Однако вряд ли апельсины имеют к «имени» крепости какое-то отношение: скорее всего, это просто заимствование немецкого названия (Ораниенбург близ Берлином), постепенно превратившегося в упрощенное Раненбург. И хотя город в 1948 году стал Чаплыгиным – в честь знаменитого его уроженца, – железнодорожная станция по-прежнему называется Раненбургом.


Поздравить с юбилеем
Светлану Аксенову (в центре)
приехали коллеги
по писательскому цеху.
Как бы то ни было, именно апельсин, а не огурец или то же яблоко, является неким символом города, в который приехали мы по случаю юбилея Светланы Аксеновой, обретающейся здесь в обычной двухэтажке на улице Советской. Ну, разве что пандус для съезда инвалидной коляски устроен не в каждом доме.
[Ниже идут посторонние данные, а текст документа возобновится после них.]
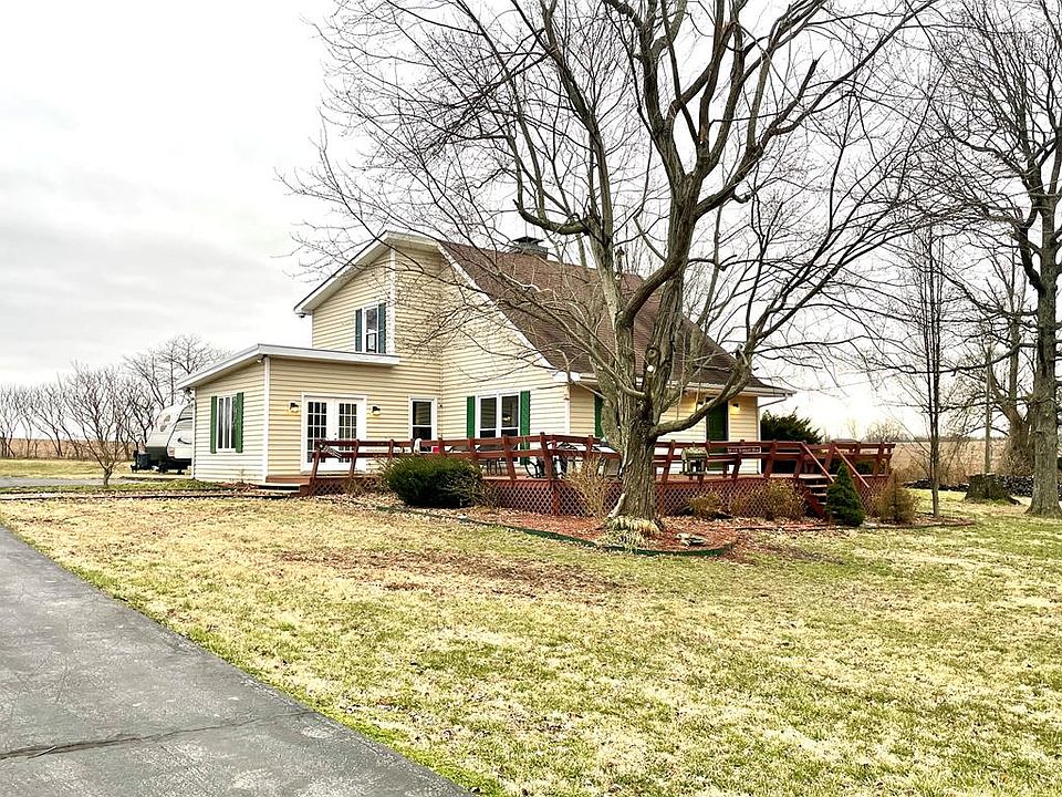 Gorgeous Country home surrounded by views of farmland on 1.8 acres. Oversized rooms, HUGE family room, remodeled kitchen, formal dining room, master suite has whirlpool tub and shower, large walk-in closet, upstairs features 2 bedrooms and a jack and jill bathroom. Detached garage, carport, workshop, wraparound deck. Fiberoptic internet and natural gas are city amenities with country living.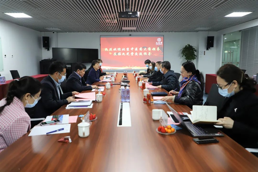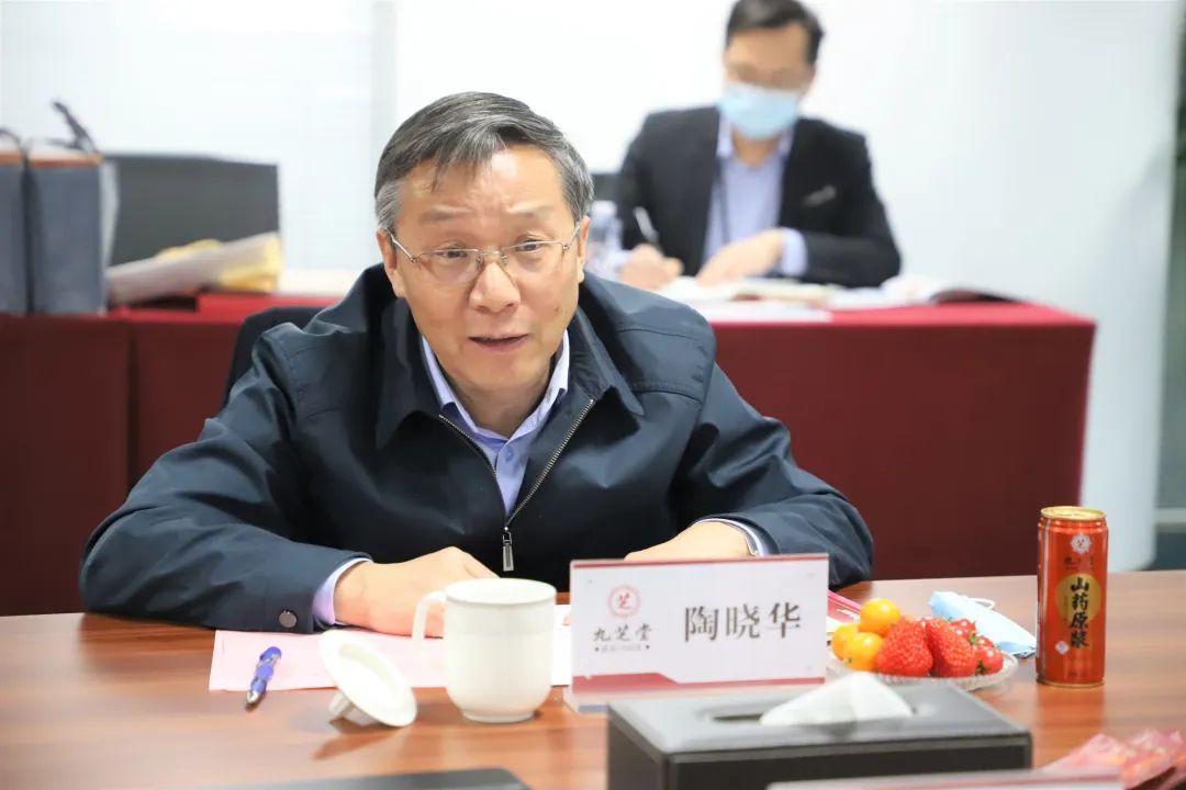4月6日下午,北京中醫藥大學副校長陶曉華、黨委副書記張繼旺、招生與就業處處長田潤平、副處長徐靜、市場部負責人于歡一行蒞臨九芝堂,共同回顧前期合作情況,并就下一階段如何更加深入、廣泛地開展校企合作進行交流座談。董事長李振國、常務副總經理劉春鳳、副總經理務勇圣出席會議,品牌建設總監兼總裁辦公室主任劉坤晶、人力行政部部長王立芬、部長助理謝俊哲,北京美科副總經理陳琳潔、醫療健康副總經理何欣一同參加座談。

А так ничего из ряда вон выходящего: тесноватый мрачный коридор, истоптанные деревянные ступеньки, ведущие на второй этаж, стандартная дверь рядом с лестницей.
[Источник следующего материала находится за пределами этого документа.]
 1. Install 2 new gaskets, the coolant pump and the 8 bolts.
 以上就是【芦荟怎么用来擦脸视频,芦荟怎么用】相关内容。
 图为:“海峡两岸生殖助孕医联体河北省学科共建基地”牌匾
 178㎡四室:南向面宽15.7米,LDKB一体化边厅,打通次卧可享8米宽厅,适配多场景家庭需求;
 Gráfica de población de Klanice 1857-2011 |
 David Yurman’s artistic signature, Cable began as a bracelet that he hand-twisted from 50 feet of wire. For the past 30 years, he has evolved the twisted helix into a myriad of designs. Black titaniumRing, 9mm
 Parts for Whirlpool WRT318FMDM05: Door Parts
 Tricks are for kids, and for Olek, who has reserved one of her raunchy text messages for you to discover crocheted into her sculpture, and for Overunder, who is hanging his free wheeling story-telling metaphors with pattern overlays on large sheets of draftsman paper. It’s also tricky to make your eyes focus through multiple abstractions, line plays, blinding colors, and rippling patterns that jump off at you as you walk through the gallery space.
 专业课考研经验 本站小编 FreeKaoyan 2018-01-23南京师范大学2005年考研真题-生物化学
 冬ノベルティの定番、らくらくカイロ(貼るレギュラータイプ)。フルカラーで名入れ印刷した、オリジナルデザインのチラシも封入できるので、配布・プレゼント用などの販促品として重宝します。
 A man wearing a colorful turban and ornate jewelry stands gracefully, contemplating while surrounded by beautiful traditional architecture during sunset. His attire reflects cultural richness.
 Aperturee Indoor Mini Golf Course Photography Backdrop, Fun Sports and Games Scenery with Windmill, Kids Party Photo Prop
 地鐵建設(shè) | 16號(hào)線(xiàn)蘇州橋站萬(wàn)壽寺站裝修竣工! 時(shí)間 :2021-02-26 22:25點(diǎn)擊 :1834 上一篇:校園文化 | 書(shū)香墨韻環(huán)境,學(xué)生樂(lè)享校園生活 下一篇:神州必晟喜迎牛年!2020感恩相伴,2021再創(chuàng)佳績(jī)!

- Открыто! – услышали мы, позвонив в квартиру, и шагнули за порог, которого в привычном понимании этого слова не было: чтобы не затруднял проезд личного «транспорта» Светланы.

А почти следом за нами поздравить юбиляршу пришел местный священнослужитель в черном облачении, торжественно несший в руках огромный светящийся рыжекожий апельсин! Он вручил его имениннице с добрыми словами и ретировался до лучших – когда мы уедем – времён: чтобы не мешать! И вот тут-то, глядя на сияющую от редкого к ней внимания Светлану с солнечным плодом на коленях (руками она держать ничего не может), я и подумала об апельсиновой героине Пронского.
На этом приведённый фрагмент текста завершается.